Linearity Assumption

Lead Author(s): Peter Bacchetti, PhD

In regression models, numeric predictors are assumed to have a linear association with the outcome. In mathematical terms with a predictor X and outcome Y, this means a model like:

Y = a + bX + <other predictors' effects>, where a and b are constants.

(For some types of models, a function of Y is used instead of Y itself, like the log odds for logistic regression or log hazard for Cox proportional hazards regression.)

A less mathematical way to think about this assumption is that it means that each 1 unit difference in the predictor is associated with the same effect on the outcome regardless of whether it is a difference between 0 and 1 or between 100 and 101. Similarly, each 10 point difference is associated with the same effect on the outcome regardless of whether it is a difference between 5 and 15 or between 150 and 160 or between 2345 and 2355.

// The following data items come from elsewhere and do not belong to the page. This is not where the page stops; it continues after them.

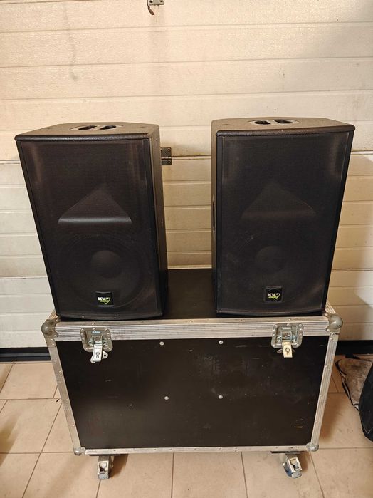 Dwa aktywne basy KV2 Audio EX2.2 w cases na kołach
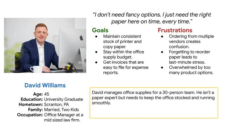 I began by exploring user expectations for online office supply purchasing — focusing on how customers search for products, compare prices, and reorder supplies efficiently.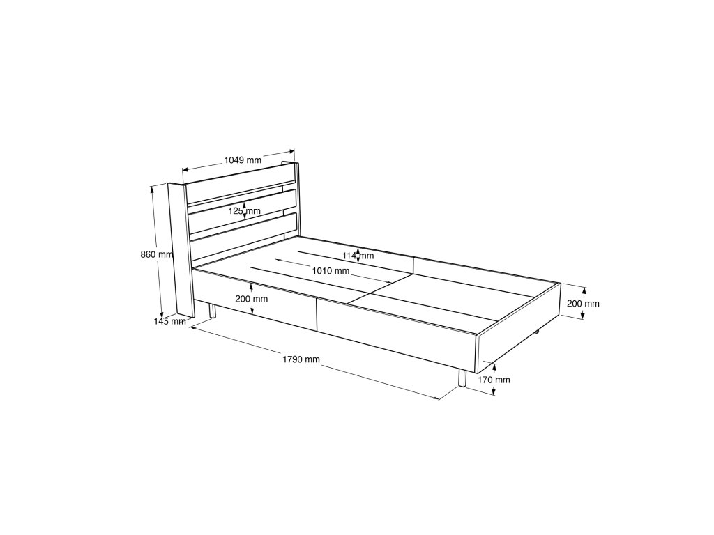 - Spací plocha: 100 x 200 cm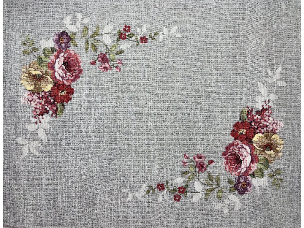 Design tvoří jemná, elegantní květinová kompozice s bohatými kyticemi růží, drobnými kvítky a listy, umístěnými v rozích a propojenými decentními větvičkami. Podklad v šedém melanžovém odstínu působí velmi vkusně, moderně a zároveň nechává krásně vyniknout barevné květy v tónech červené, růžové, krémové a zelené.

A simple way to relax this assumption is to add a quadratic term for X to the model, Xsquared = X times X. If the P-value for Xsquared is <0.05, this is usually considered to be strong evidence that the linearity assumption is inaccurate. In this case, a more flexible model can be fitted by categorizing X, using linear splines, or simply retaining Xsquared in the model. Categorizing or using linear splines will provide interpretable regression coefficients, but retaining Xsquared or fitting a higher order polynomial model will usually necessitate a graphical depiction of the effect of X to aid interpretation.